3.2 13CO2 fixation rate of soil

Following a 40-day period of indoor cultivation, the 13C-SOC content in the soil spanned from 0.75 to 3.21 mg kg−1, as detailed in Supplementary Table S2. The 13C-SOC content was found to be higher in the 0–10 cm layer compared to the 10–30 cm layer. The ratio of 13C-SOC to SOC fluctuated between 0.012 and 0.039%, with the autotrophic carbon fixation contribution to SOC in the 10–30 cm layer being significantly greater than that in the 0–10 cm layer. The 13C fixation rates across different vegetation types were ranked as follows: PS (0–10 cm, 18.15 mg C kg−1 soil d−1; 10–30 cm, 16.71 mg C kg−1 soil d−1) > OS > CFS > BFS > WS (0–10 cm, 9 mg C kg−1 soil d−1; 10–30 cm, 4.25 mg C kg−1 soil d−1). Additionally, the 13C fixation rate in the 0–10 cm soil layer was consistently higher than that in the 10–30 cm layer for all vegetation types.

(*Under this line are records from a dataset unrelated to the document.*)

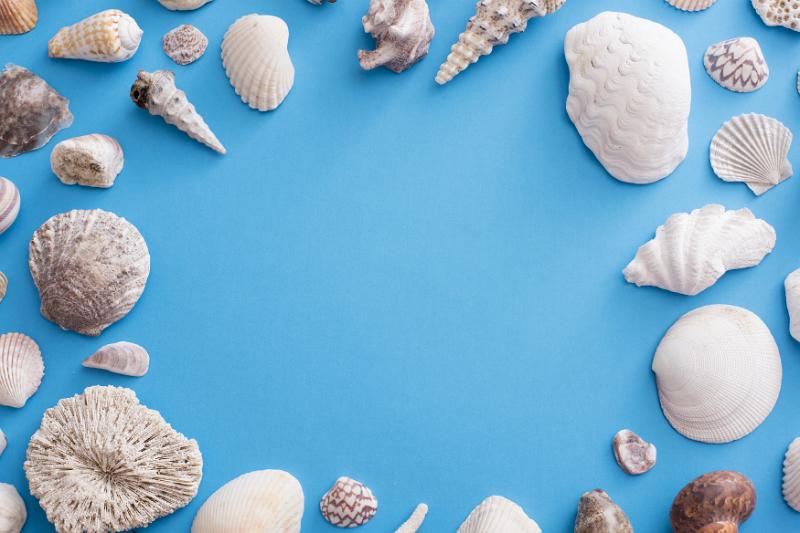 Image Description: pretty marine or nautical shell frame or border with assorted seashells on a blue background with central copy space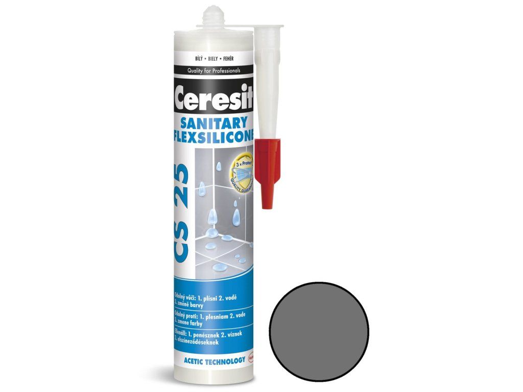 - Unikátní receptura TrioProtect chrání silikon před napadením plísněmi, houbami a jinými nežádoucími mikroorganizmy. Materiál má vynikající přídržnost k suchým a nesavým podkladům jako: sklo, keramika, porcelán apod. K vyplnění spár a prasklin ve zdivu, omítkách, mramorech, betonu a cementových potěrech použijte jiné tmely z řady Ceresit. Sanitární silikon Ceresit CS 25 je vhodný pro použití v nádržích na pitnou vodu.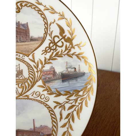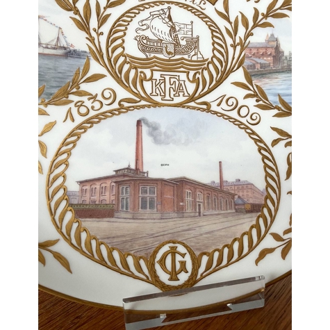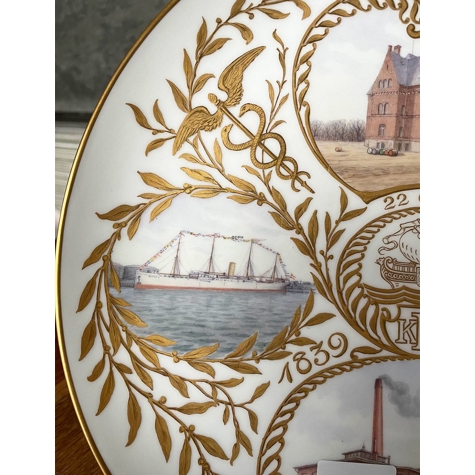 Teller zum 70. Geburtstag von Isak Glückstadt. 1839 - 22. April 1909 Der Teller hat Motive von Freihafen von Kopenhagen und der Marke KFA (Freihafen von Kopenhagen Aktiengesellschaft). Isak Glückstadt war der Hauptmann hinter dem Freihafen von Kopenhagen.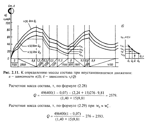 Разница в результатах расчетов по формулам (2.28) и (2.29) составляет 14 т (0,5%). С учетом округления массы состава до 50 т следует принять Q = 2600 т. Расчет массы состава при неустановившемся движении. На существующих железных дорогах, особенно строившихся давно, наряду с затяжными подъемами встречаются короткие, но более крутые подъемы, которые могут оказаться труднейшими для преодоления их поездом. По таким подъемам движение может быть неустановившимся, и тогда расчетную массу состава целесообразно определять методом подбора. По крутизне подъема, меньшей, чем самый крутой подъем на участке, рассчитывают массу состава Q, по формуле (2.28) или (2.29) (принимая wa = ), и для состава данной массы определяют скорость движения поезда на перегоне. Если скорость поезда в конце труднейшего подъема vK, (на рис. 2.11,а — это подъем с уклоном 11,2%с) больше расчетной, то массу состава увеличивают на несколько сотен тонн до значения Q2 и вновь определяют скорость поезда. При vk2 > vp принимают еще большее значение массы состава (результаты указанных расчетов иллюстрирует рис. 2.11,а). Если в результате очередной попытки скорость в конце труднейшего подъема оказывается меньше расчетной скорости, то следует соответственно уменьшить массу состава. Так поступают до тех пор, пока конечная скорость будет равна расчетной. Чтобы ограничиться, как правило, тремя попытками, можно построить по трем значениям vK график зависимости vK(Q) (см Рис 2.11,6), и, отложив на оси ординат значение расчетной скорости для данного типа локомотива, по оси абсцисс определить расчетную массу состава. Масса состава при неустановившемся движении поездов в большой степени зависит от условий накопления кинетической энергии поезда на участках, предшествующих расчетному подъему. Так, если скорость поезда в конце спуска 8,6%о или на подъеме 1,2%с ограничена значением 60 км/ч (см. штриховую линию на рис. 2.11,о), то расчетная масса состава окажется меньше, чем в случае, когда нет ограничения скорости. Следовательно, для обеспечения больших значений массы грузовых поездов путейцам необходимо создать на участках, предшествующих расчетным подъемам, возможность реализации максимальных скоростей движения поездов. Ограничения скоростей на этих участках особенно нежелательны. Проверка массы состава по условию трогания с места, Масса состава, т, который может быть тронут локомотивом с места, определяется по формуле, аналогичной (2.29):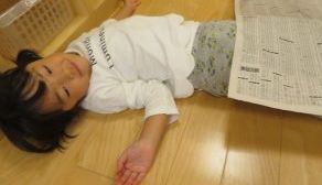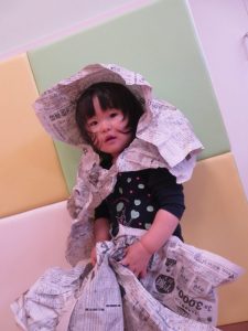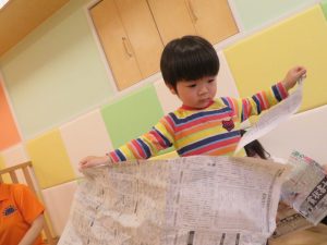 新聞紙遊びも絶好調で、大きい新聞紙を破いたり
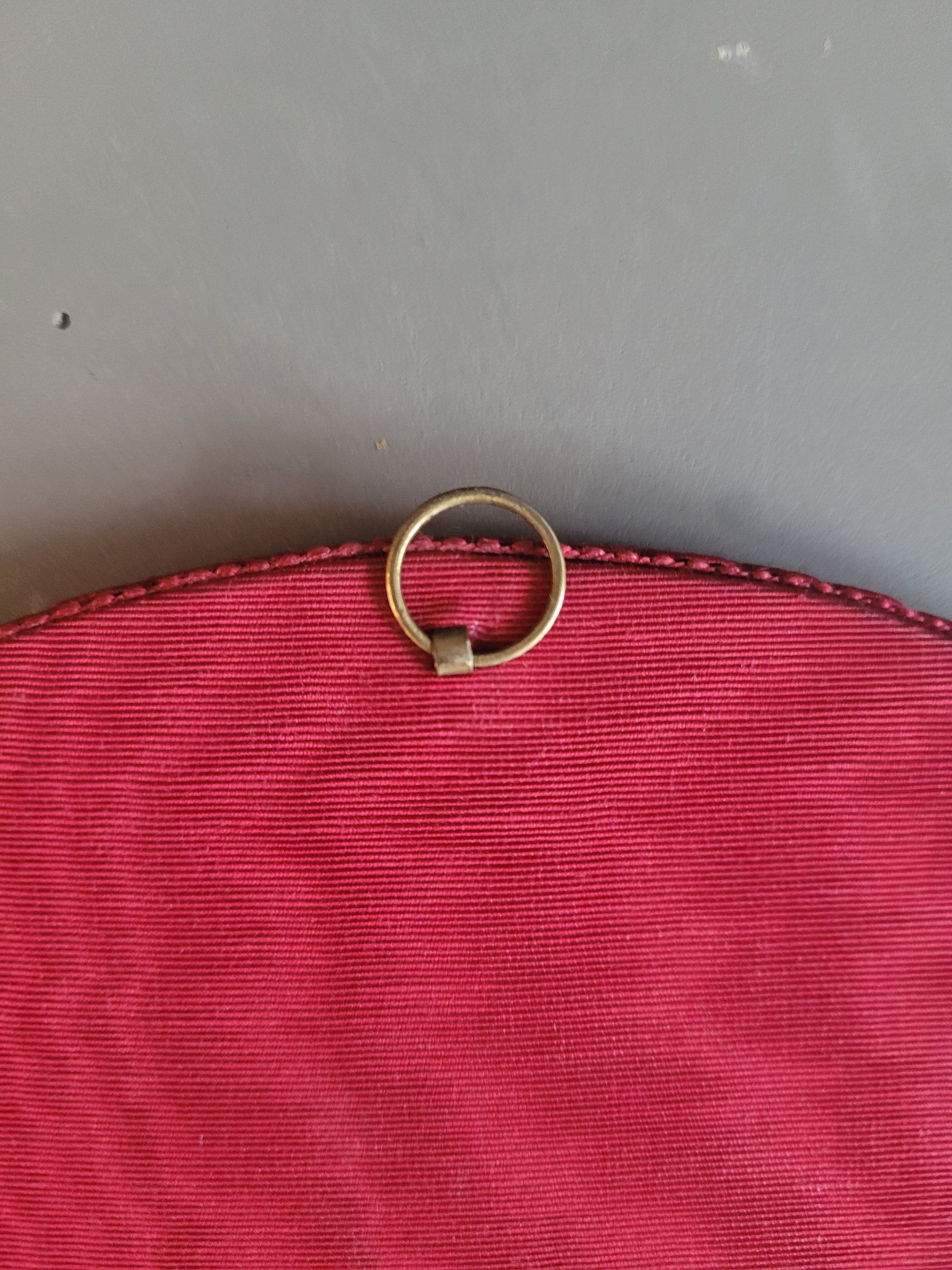 Le dos est recouvert de tissu grenat moiré.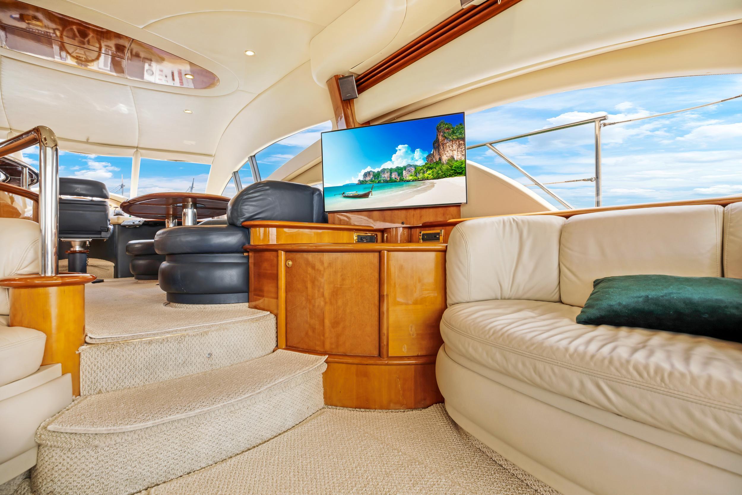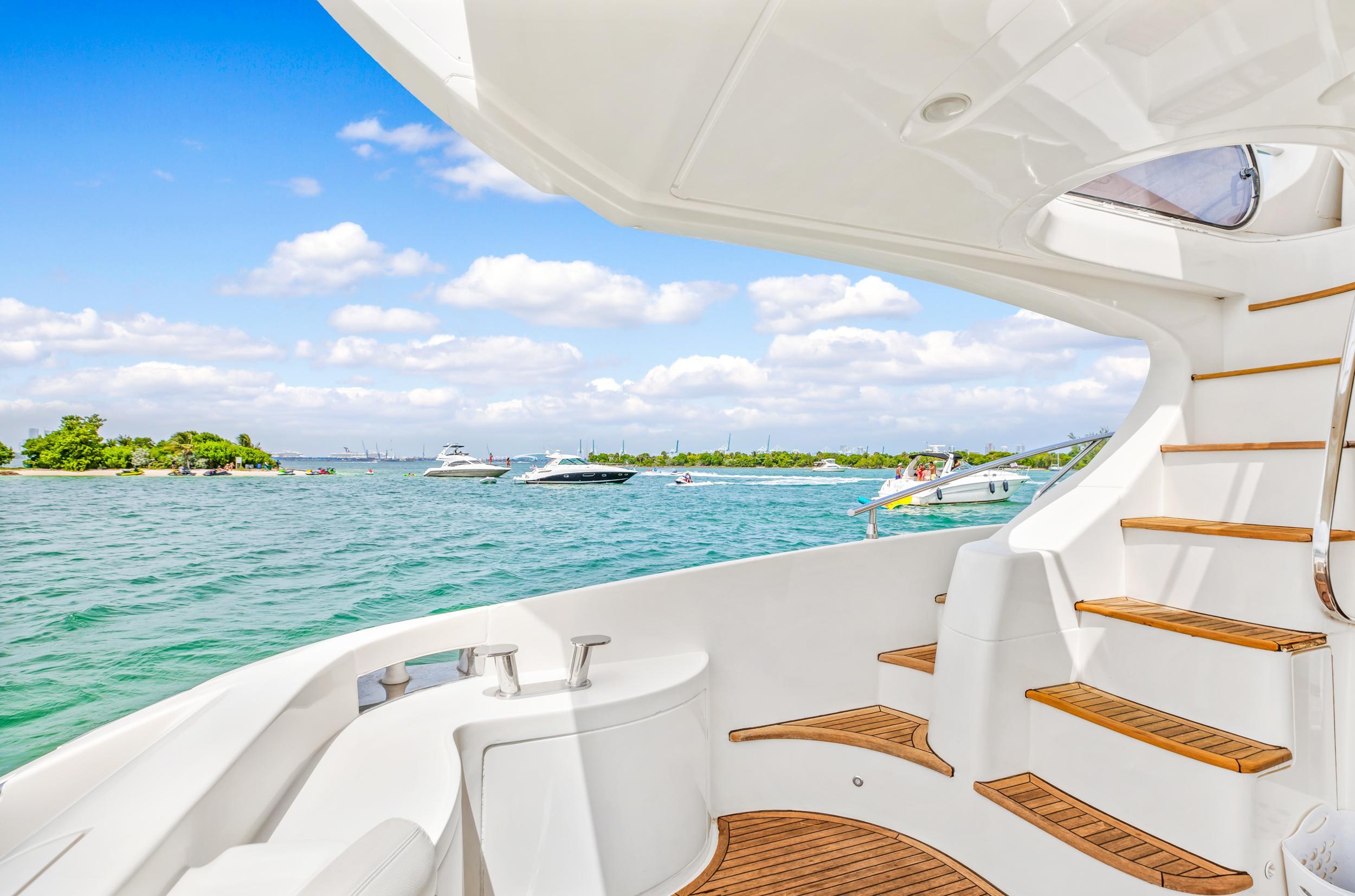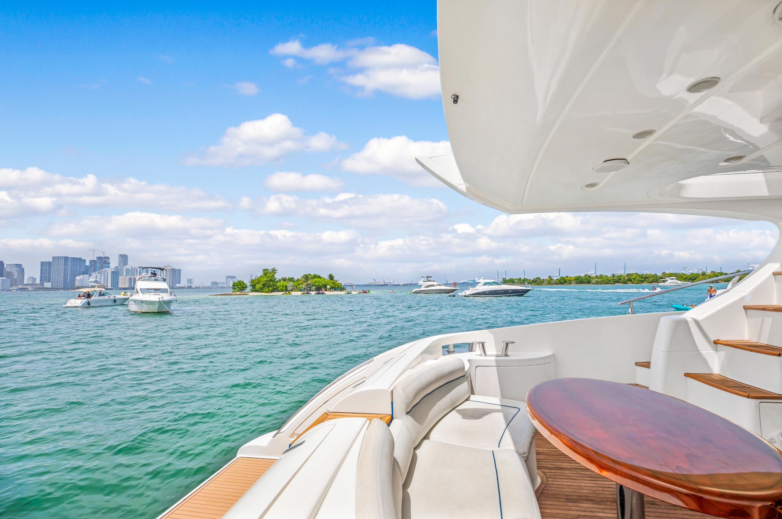 Includes: Teak decking, teak cockpit table, built-in bench seating, storage lockers, stairs to flybridge, port and starboard snubbing winches, overhead lighting, swim platform, and port and starboard boarding gates.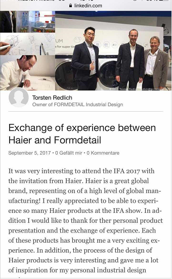 事實上,Torsten Redlich不止是海爾新晉用戶,更稱海爾為“創(chuàng)意老師”:這從他在全球領(lǐng)先的職業(yè)社交平臺LinkedIn對海爾的贊美便可印證。Torsten Redlich在其LinkedIn賬號發(fā)布與海爾智慧家電的“自拍”,并稱“海爾是一個非常棒的全球化品牌,代表全球制造業(yè)最高水平!很高興能夠在IFA展上體驗到如此多的海爾產(chǎn)品,每一款產(chǎn)品都給我?guī)砹朔浅U鸷车氖褂皿w驗。海爾產(chǎn)品的工藝設(shè)計非常巧妙,給了我我很多靈感,接下來我將會這些靈感應(yīng)用到我的最新設(shè)計中?!?/p>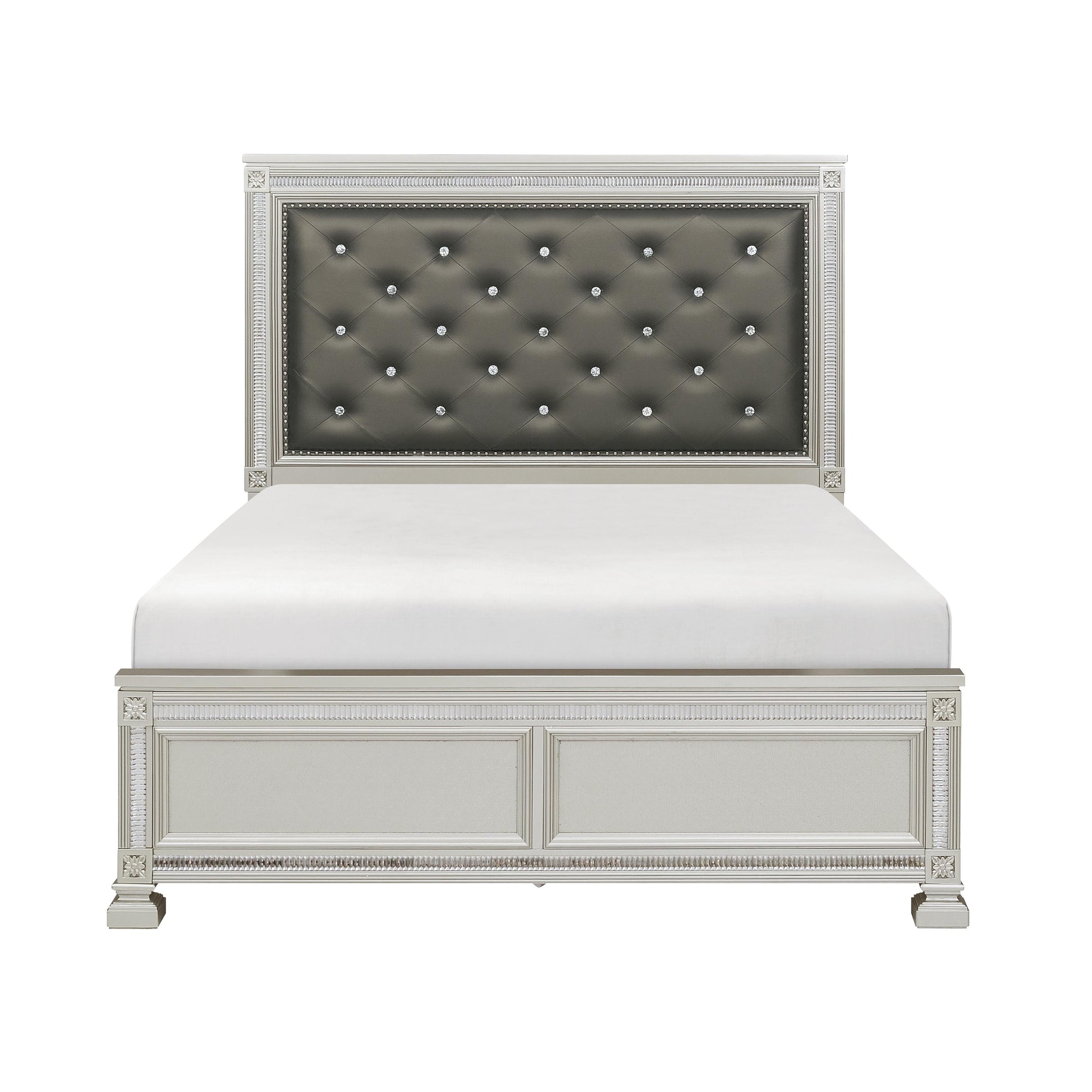 Modern glamour is exemplified in the design of the Bevelle Collection. Acrylic crystals frame the Queen bed, reflecting the light to create eye-catching drama. The silver finish serves as the perfect complement to the medallion accents. Providing contrast to finish is the dark gray faux leather, button-tufted headboard panel.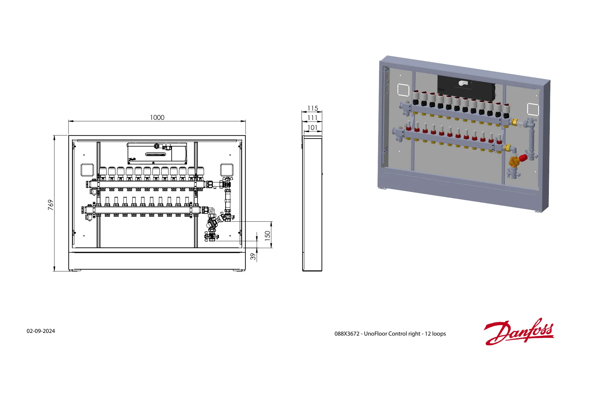088X3672 Danfoss: Stainless steel manifold, 12 loops, AB-PM, steel cabinet, ICON 2 Advanced Master Controller, Right version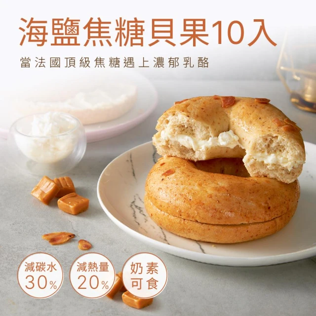 原味時代海鹽焦糖乳酪減醣貝果-經濟10入組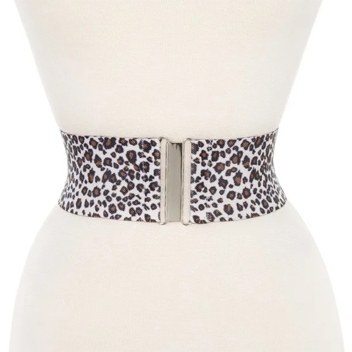 Add a lil’ leopard while cinching in those curves with this elastic belt with an all over leopard print pattern in white, brown and black. It securely fastens in the front with a silver colored clasp.

3.3 Community diversity of soil carbon-fixation microorganisms

OTU clustering analysis disclosed a range of 488 to 1,088 OTUs within the sampled soils, as depicted in Figure 2a. Notably, BFS demonstrated a significantly higher number of OTUs in comparison to PS, OS, and CFS. The diversity, evenness, and richness of soil microbial communities, influenced by varying vegetation types, were quantitatively evaluated using several indices: the Chao index for richness, the Simpson index for evenness, and the Shannon index for diversity, with their respective assessments illustrated in Figures 2bd. The findings indicated that both the Shannon and Chao indices reached their peak values in BFS soil, while the lowest values were recorded in CFS soil. In contrast, the Simpson index was highest in PS soil and lowest in BFS soil. Following a multivariate stepwise regression analysis (Supplementary Table S3) to identify factors influencing carbon fixation rates, the explanation degree of Shannon index for the variability of the synthesis rate of 13C-SOC was 67.07%, followed by SOC (35.23%), TP (8.8%), DOC (7.2%), the Simpson index (3.21%), and the Chao index (5.01%). The Shannon diversity index emerged as having the most substantial effect, and this observation is slated for further validation through Pearson correlation analysis.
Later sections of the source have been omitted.